How do I assess the quality of my external IT supplier?

Given the extent to which companies are contracting out their IT organisation to other parties, outsourcing appears to be making a comeback. But migrating your IT infrastructure and management of the cloud or another party remains a hot topic.

In the outsourcing procedure you lay down your criteria for the quality to be delivered by the other party. We have to do this, because otherwise the supplier will rest on his laurels, which is the last thing we want. So, we’ve got our criteria, but who’s going to monitor them and how transparent are the figures?


An interesting subject to take a look at today.

As I mentioned above, the concept of outsourcing has changed a fair bit since the emergence of the cloud. We now have different levels of outsourcing.

  1. The IT infrastructure runs at the supplier’s premises but you remain responsible for the architecture, implementation and management. You also have the applications managed by your own people. (IaaS)
  2. The IT infrastructure runs at the supplier’s premises and the supplier is responsible for the architecture, implementation and management. You have the applications managed by your own people. (PaaS)
  3. Both the IT infrastructure and the applications are the responsibility of the supplier. It makes no difference how everything has been designed. (SaaS)

The monitoring process is different for each of the three variants. What I regard as being most important here is

  • to have all of the variants assessed by an independent party or by your own organisation. Under no circumstances should this be done by the supplier.
  • All of the assessments are carried out from the end-user’s perspective. The best measure of the supplier’s quality is the performance and availability that you as the buyer receive.

We can use the following solutions for the three variants. I’ve based this on pure SLA monitoring but also on the four data sets; wire, machine, agent and synthetic.

Variant 1 – Infrastructure-as-a-Service

The supplier is solely responsible for providing the hardware. You are responsible for its content. You will usually be responsible for everything from the virtualisation level onwards.

In that case, the best way to monitor the supplier’s service is to place the monitoring process at virtualisation level. Splunk, for instance, has a superb VMWare app that provides you with all the information you need. I can well imagine that the supplier will not in all cases be willing to allow this. It will mean that he has to be transparent about the service he provides and it might be possible to pass on the monitoring data that he generates to your own Splunk implementation in order to draw up the right reports yourself.

Monitoring from infrastructure level is entirely your responsibility, so you can decide for yourself which tool to choose to cover four data sets. A synthetic solution remains desirable but cannot be used in respect of the supplier because he’ll always say that there are other links between what he provides and the end-user and that he is not responsible for them.

Variant 2 – Platform-as-a-Service

In this variant the supplier is responsible up to OS level. From that point onwards you are the owner who implements and manages the applications. In some cases the OS is also shielded and you are only able to implement the applications.

Monitoring the supplier’s service directly affects the performance and availability of your applications, and for that reason it’s advisable to implement a synthetic monitor. You can supplement this with a process that monitors the availability of the OS if you are able to influence this. In this case a simple Ping monitor will suffice.
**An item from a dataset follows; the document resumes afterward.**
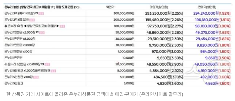 온누리상품권은 주로 재래시장에서 사용하기 때문에 악용 사례가 없을 것으로 기대했지만 최근 대구 팔달신시장 내 채소가게에서 위장 가맹점 3곳을 등록한 뒤 상품권을 불법 유통하는 일이 발생했습니다. 실제로 존재하는 가게는 시장 내 마늘가게 한곳뿐 나머지 두곳은 페이퍼 컴퍼니였습니다. 이들은 월 평균 192억원의 온누리상품권을 현금으로 환전하며 부당하게 보조금을 받아 챙긴 것으로 알려졌습니다.

You can synthetically add agent or machine data in order to cover all of the data sets. Wire data is an attractive option in the application area, but not at infrastructure level. To do this you will need to know a lot about how the infrastructure is set up, and that’s precisely what you wanted to outsource.

Variant 3 – Software-as-a-Service

The supplier arranges everything. You are only the user of the application that you want to buy. The supplier will usually have published his own SLA, but how transparent is it?

The best bet here is to chose a synthetic solution yourself and have it assessed independently. Use these figures to check the quality of the service and to confront the supplier with results other than what have been agreed.

To conclude

Outsourcing is based on trust but to many companies IT is a matter of life or death: it’s importance is inestimable. You want to avoid a situation where finger-pointing starts between you and the supplier if faults occur. Make sure that you give careful thought to monitoring quality also during the implementation of the outsourcing.

How have you experienced this as a user? How do you monitor your outsourcing contracts, and what were your experiences with an outsourcing party? I’d like to hear your experiences – I can learn from them too :-).